Records from a dataset:

= Beginning of Section =

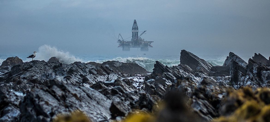 | Một giàn khoan dầu ngoài khơi gần bờ biển Cape Town, Nam Phi. |
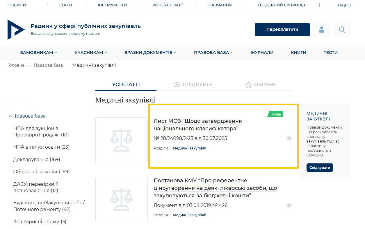 Вітаємо! Інформуємо, що на портал додано лист МОЗ “Щодо затвердження національного класифікатора” (розділ Медичні закупівлі Правової бази):
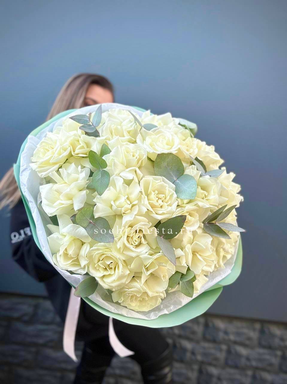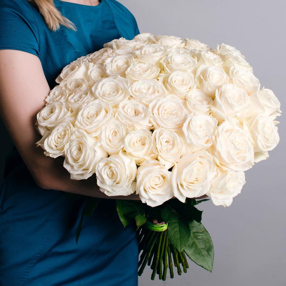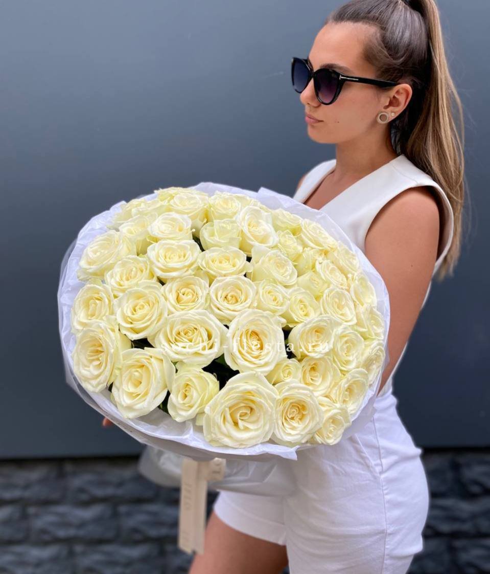 Тридцать пять белых бутонов образуют плотный монохромный ансамбль. Классическая форма и чистота оттенка позволяют букету звучать самодостаточно в любом интерьере.
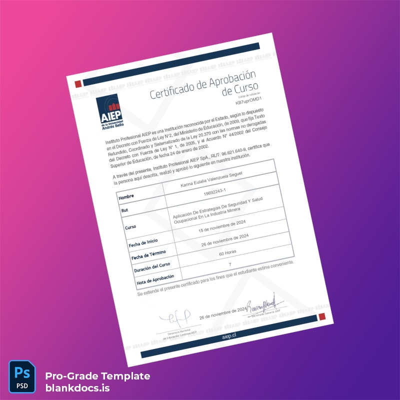 Download the Chile AIEP Professional Institute Diploma Template immediately to customize and print your diploma at your convenience. Empower yourself with a reliable, editable, and professionally designed certificate that ensures your credentials are always presented flawlessly.
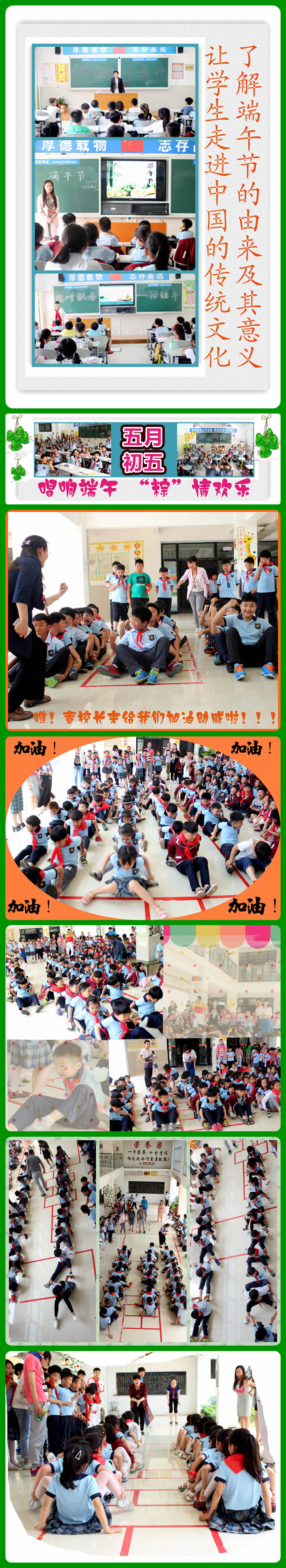 說起端午節(jié)的傳統(tǒng)習(xí)俗,那可少不了吃粽子、賽龍舟。6月7日、8日中午,激烈的“賽龍舟”比賽在我校舉行,此次比賽分為兩輪,以年級(jí)為單位進(jìn)行,每班選兩組參加,每組10人。賽前,孩子們認(rèn)真討論著應(yīng)賽策略,蓄勢(shì)待發(fā)。口號(hào)聲剛響起,各班的“小龍舟”啟動(dòng)了,數(shù)支隊(duì)伍,浩浩湯湯,氣勢(shì)磅礴。龍舟小健將們拼命向前,旁邊的拉拉隊(duì)奮力助威喝彩,加油聲簡(jiǎn)直震耳欲聾!場(chǎng)面熱鬧非凡!

= End of Section =

WORK ORDER:
Only the lines from the beginning of the records through the line bearing "Download the Chile" belong in the answer, copied word for word with pictures left out.

RESPONSE:
 | Một giàn khoan dầu ngoài khơi gần bờ biển Cape Town, Nam Phi. |
 Вітаємо! Інформуємо, що на портал додано лист МОЗ “Щодо затвердження національного класифікатора” (розділ Медичні закупівлі Правової бази):
 Тридцать пять белых бутонов образуют плотный монохромный ансамбль. Классическая форма и чистота оттенка позволяют букету звучать самодостаточно в любом интерьере.
 Download the Chile AIEP Professional Institute Diploma Template immediately to customize and print your diploma at your convenience. Empower yourself with a reliable, editable, and professionally designed certificate that ensures your credentials are always presented flawlessly.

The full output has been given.